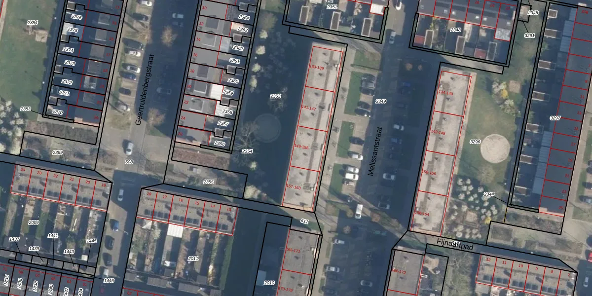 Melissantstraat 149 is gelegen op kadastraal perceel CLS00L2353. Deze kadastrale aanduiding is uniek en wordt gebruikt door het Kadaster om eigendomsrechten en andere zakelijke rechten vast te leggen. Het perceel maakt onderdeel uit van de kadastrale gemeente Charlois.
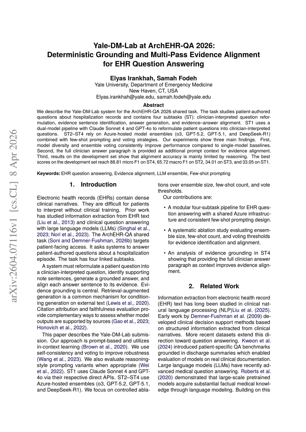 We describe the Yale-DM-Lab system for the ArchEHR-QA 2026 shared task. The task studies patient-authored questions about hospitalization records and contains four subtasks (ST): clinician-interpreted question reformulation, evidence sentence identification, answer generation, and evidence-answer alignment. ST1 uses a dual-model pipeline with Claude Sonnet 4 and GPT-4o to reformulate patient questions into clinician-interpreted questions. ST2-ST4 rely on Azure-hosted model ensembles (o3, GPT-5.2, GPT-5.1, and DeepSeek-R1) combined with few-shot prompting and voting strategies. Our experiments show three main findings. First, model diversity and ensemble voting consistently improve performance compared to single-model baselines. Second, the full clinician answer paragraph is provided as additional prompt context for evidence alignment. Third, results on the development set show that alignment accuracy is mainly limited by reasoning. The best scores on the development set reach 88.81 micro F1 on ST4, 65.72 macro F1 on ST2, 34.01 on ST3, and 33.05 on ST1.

--

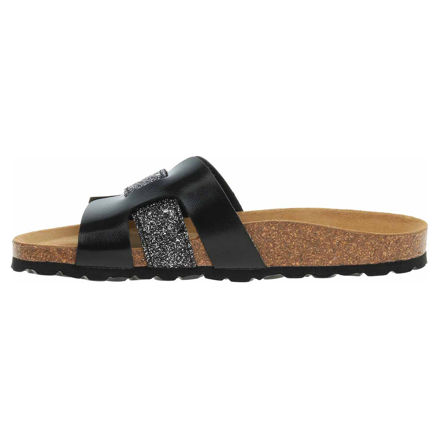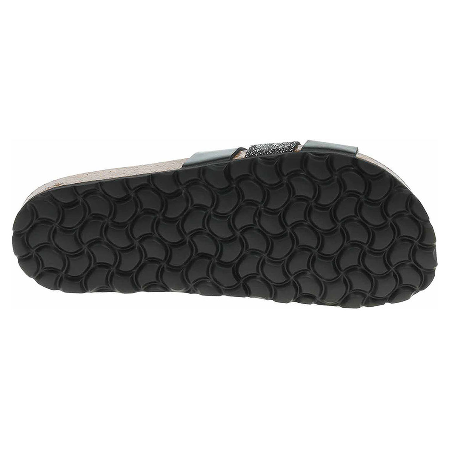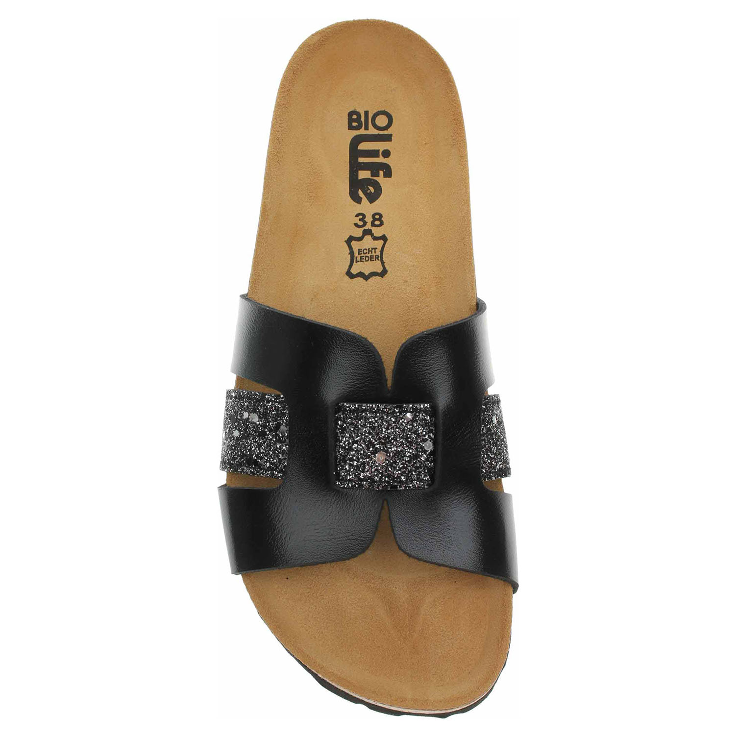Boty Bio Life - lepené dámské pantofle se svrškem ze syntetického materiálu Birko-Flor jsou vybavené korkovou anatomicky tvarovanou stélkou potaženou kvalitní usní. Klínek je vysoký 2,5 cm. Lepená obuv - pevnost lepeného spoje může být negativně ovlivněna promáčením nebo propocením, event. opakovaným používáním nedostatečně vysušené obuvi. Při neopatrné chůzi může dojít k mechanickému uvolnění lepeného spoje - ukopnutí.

Your assignment
Would you output only the span of the records above that opens with the line containing "Melissantstraat 149 is" and closes with the line containing "We describe the", ends included and pictures dropped?

Output for this exercise
 Melissantstraat 149 is gelegen op kadastraal perceel CLS00L2353. Deze kadastrale aanduiding is uniek en wordt gebruikt door het Kadaster om eigendomsrechten en andere zakelijke rechten vast te leggen. Het perceel maakt onderdeel uit van de kadastrale gemeente Charlois.
 We describe the Yale-DM-Lab system for the ArchEHR-QA 2026 shared task. The task studies patient-authored questions about hospitalization records and contains four subtasks (ST): clinician-interpreted question reformulation, evidence sentence identification, answer generation, and evidence-answer alignment. ST1 uses a dual-model pipeline with Claude Sonnet 4 and GPT-4o to reformulate patient questions into clinician-interpreted questions. ST2-ST4 rely on Azure-hosted model ensembles (o3, GPT-5.2, GPT-5.1, and DeepSeek-R1) combined with few-shot prompting and voting strategies. Our experiments show three main findings. First, model diversity and ensemble voting consistently improve performance compared to single-model baselines. Second, the full clinician answer paragraph is provided as additional prompt context for evidence alignment. Third, results on the development set show that alignment accuracy is mainly limited by reasoning. The best scores on the development set reach 88.81 micro F1 on ST4, 65.72 macro F1 on ST2, 34.01 on ST3, and 33.05 on ST1.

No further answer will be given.